A world peace organization affiliated with the United Nations, “Servas,” we joked with devil-may-care abandon, should perforce be pronounced “Serve Us,” because their guest-exchange program included a free place to crash for a couple of nights: remember those late nightsof revolving opinions where you feel like you can solve all the world’s problems, and wake up with fuzzy blue teeth in the morning?
“Uh, of course, free food!” I stalled for time.
“Ha-ha, John, just bring a bottle of fairly good wine—one of my friends canceled out, so I thought you might like to join us. My friend is a very good cook.”
Ready to party, having later bought a gigantic Magnum (big bottle) of admittedly inexpensive plonk at the hypermarché, I hopped the Metro into a ritzy arrondisement of Paris I was a little unfamiliar with—not Passy, the paradise of BCBG (Bon Chic Bon Gout), which has as little to do as Manhattan’s Upper East Side, but I don’t know, a little step backward to the regal civilized 19th-century of Proust and Balzac.

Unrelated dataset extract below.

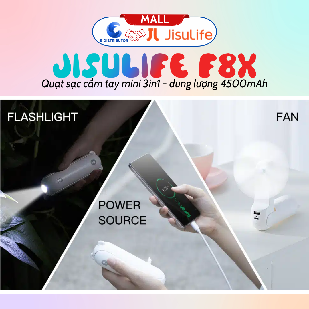 Quạt Đa Năng 3 Trong 1 Kiêm Đèn Pin Và Sạc Dự Phòng Pin 4800mAh - JISULIFE F8X

Way before all the hoopla of Surrealism and Dadaism, or even all of the “Lost Generation” stuff—(as you know a term coined by Gertrude Stein, the German-Jewish wit who was friendly with neo-Fascist American poet Ezra Pound, an exile in “Il Duce’s” Italy and by far America’s most skilled poet)—I would have loved to live in 1920s Paris, in the vicinity of Whitman’s Shakespeare & Company and far away from the drudgery of US Prohibition.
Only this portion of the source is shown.